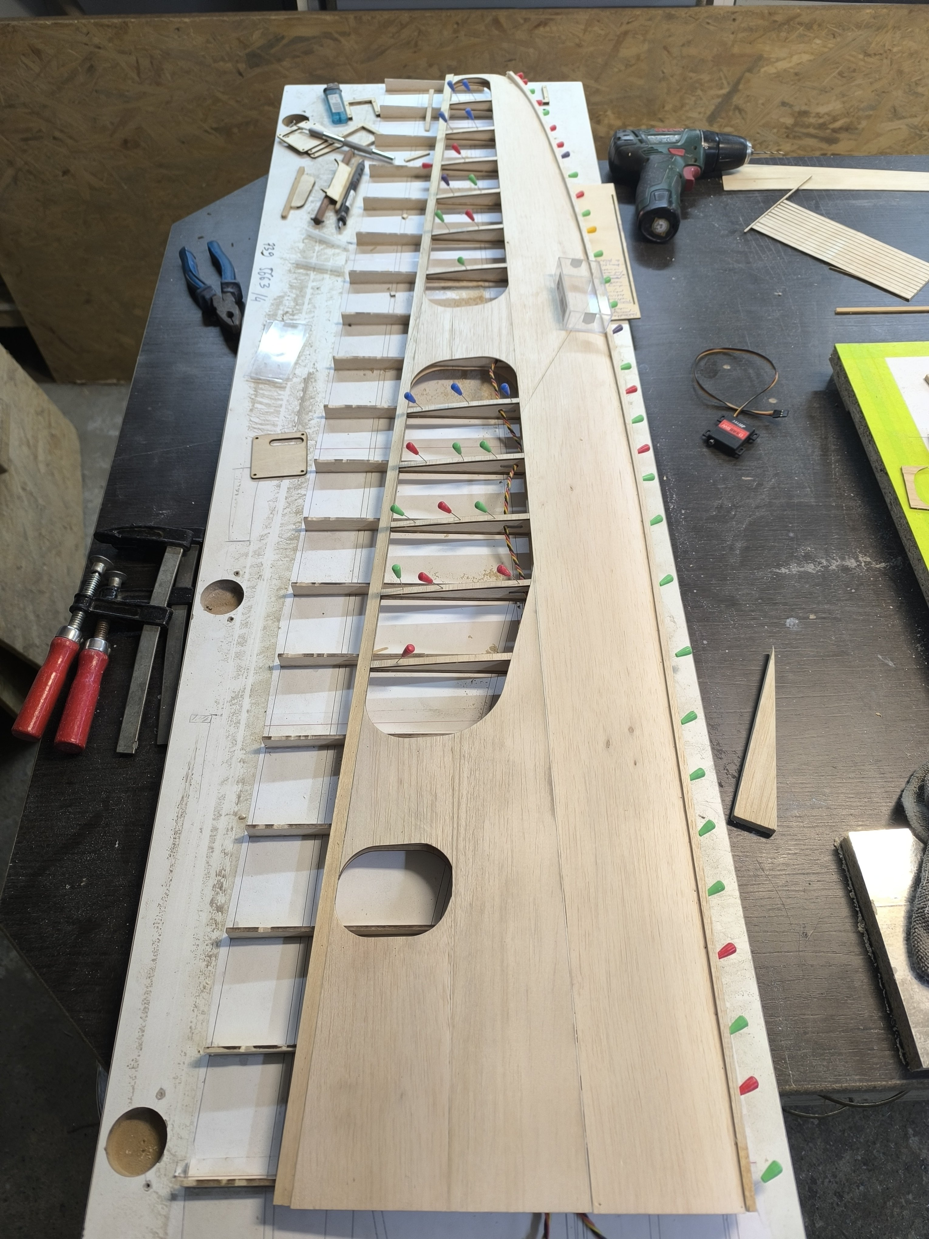 W drugim skrzydle udało się pokrycia wkleić, w pierwszym wkleiłem natarcie i wypaskowałem. To wszystko miedzy czasie jak laserem wycinałem dla jednego kolegi dużego Decathlona. Jutro ciąg dalszy. -
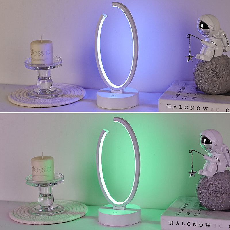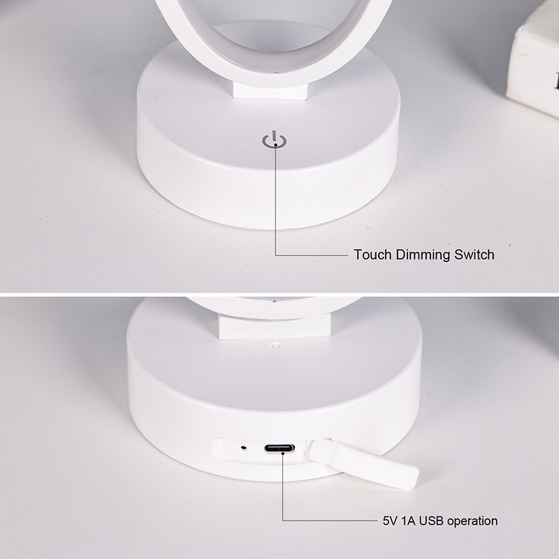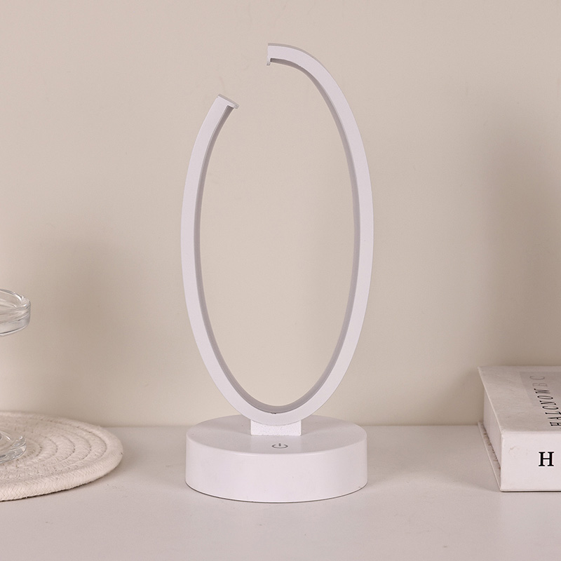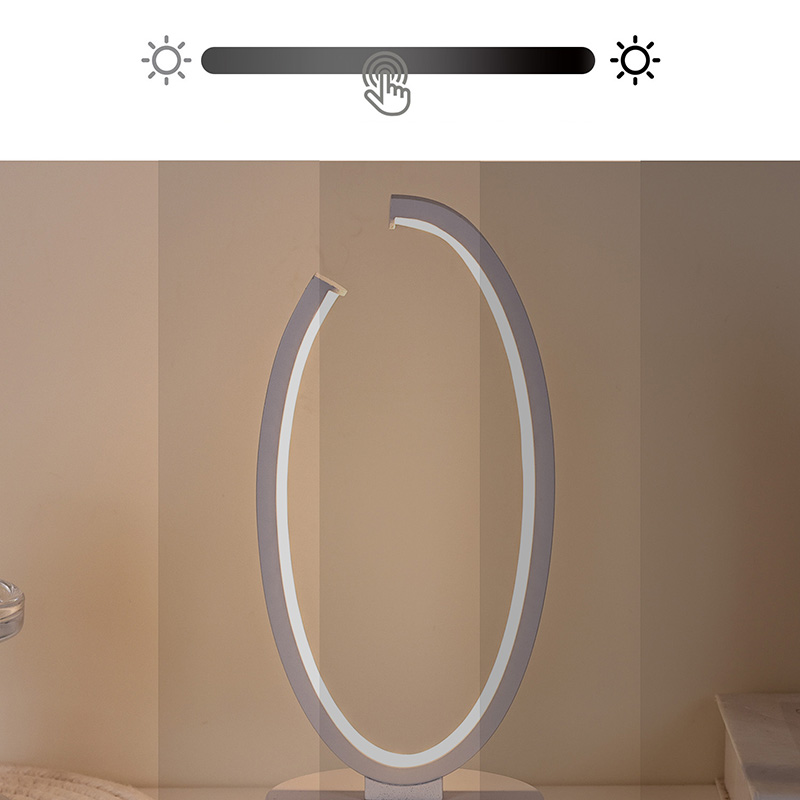 Filosofia del design: la semplicità incontra la raffinatezza La silhouette della lampada si ispira al minimalismo contemporaneo: linee pulite, forme geometriche e superfici ordinate. Il suo anello di forma ovale emette una luce soffusa che sembra fluttuare sopra la sua forma circolare
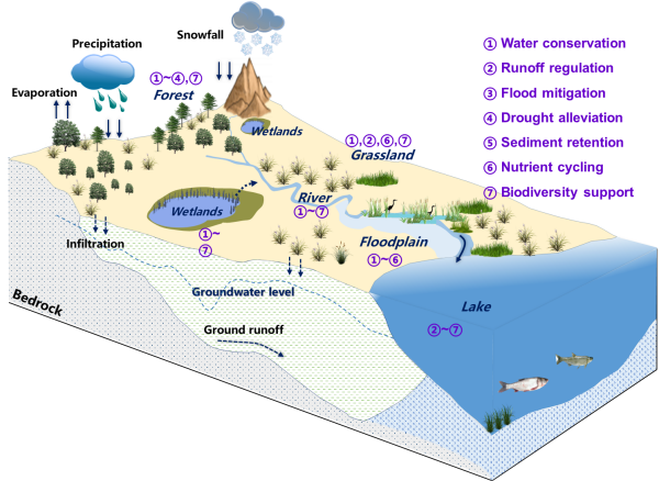 在全球氣候變化與人類活動的影響下,濕地作為地球生態(tài)系統(tǒng)的關鍵節(jié)點,其水文多功能性在全球生態(tài)與水資源管理領域備受矚目(圖1)。濕地不僅是生物多樣性的庇護所,更是水循環(huán)的重要調節(jié)器,具備調節(jié)徑流、緩解洪水、維持低流量、促進地下水補給以及支持生物多樣性等多種水文功能。然而,當前研究多聚焦于濕地的單一水文功能,對于濕地綜合水文功能的協(xié)同作用與整體貢獻尚缺乏系統(tǒng)性認識,這限制了濕地在流域水資源管理與生態(tài)保護中潛力的充分挖掘。如何從流域尺度量化濕地的水文多功能性,成為國際生態(tài)水文學領域的前沿科學問題
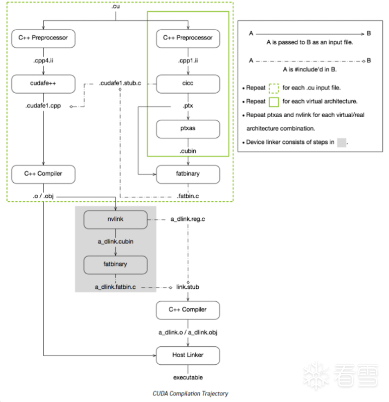 编译轨迹涉及每个 CUDA 源文件的多个拆分、编译、预处理和合并步骤。
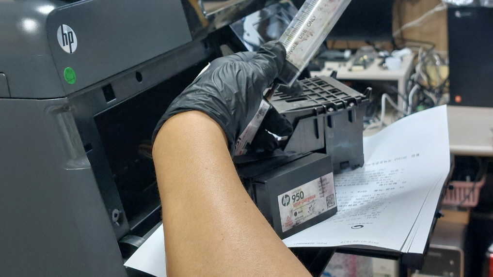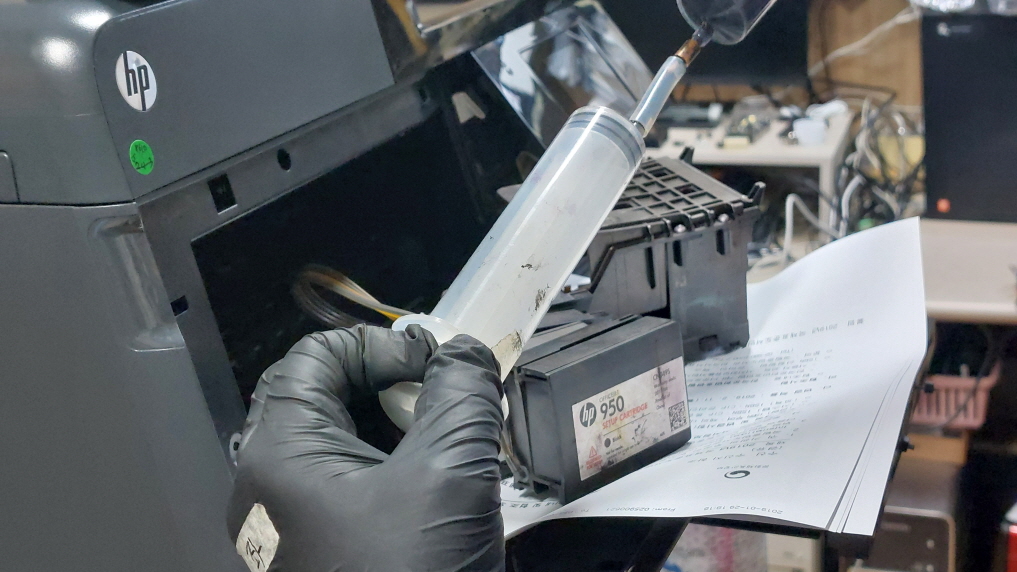 - 주사기로 새 마젠타 잉크를 천천히 넣어줍니다.

* * * * *

_TASK PROMPT_. The whole listing above should be restated word for word, minus any images.

_SOLUTION TO THE EXERCISE_.
 W drugim skrzydle udało się pokrycia wkleić, w pierwszym wkleiłem natarcie i wypaskowałem. To wszystko miedzy czasie jak laserem wycinałem dla jednego kolegi dużego Decathlona. Jutro ciąg dalszy. -
 Filosofia del design: la semplicità incontra la raffinatezza La silhouette della lampada si ispira al minimalismo contemporaneo: linee pulite, forme geometriche e superfici ordinate. Il suo anello di forma ovale emette una luce soffusa che sembra fluttuare sopra la sua forma circolare
 在全球氣候變化與人類活動的影響下,濕地作為地球生態(tài)系統(tǒng)的關鍵節(jié)點,其水文多功能性在全球生態(tài)與水資源管理領域備受矚目(圖1)。濕地不僅是生物多樣性的庇護所,更是水循環(huán)的重要調節(jié)器,具備調節(jié)徑流、緩解洪水、維持低流量、促進地下水補給以及支持生物多樣性等多種水文功能。然而,當前研究多聚焦于濕地的單一水文功能,對于濕地綜合水文功能的協(xié)同作用與整體貢獻尚缺乏系統(tǒng)性認識,這限制了濕地在流域水資源管理與生態(tài)保護中潛力的充分挖掘。如何從流域尺度量化濕地的水文多功能性,成為國際生態(tài)水文學領域的前沿科學問題
 编译轨迹涉及每个 CUDA 源文件的多个拆分、编译、预处理和合并步骤。
 - 주사기로 새 마젠타 잉크를 천천히 넣어줍니다.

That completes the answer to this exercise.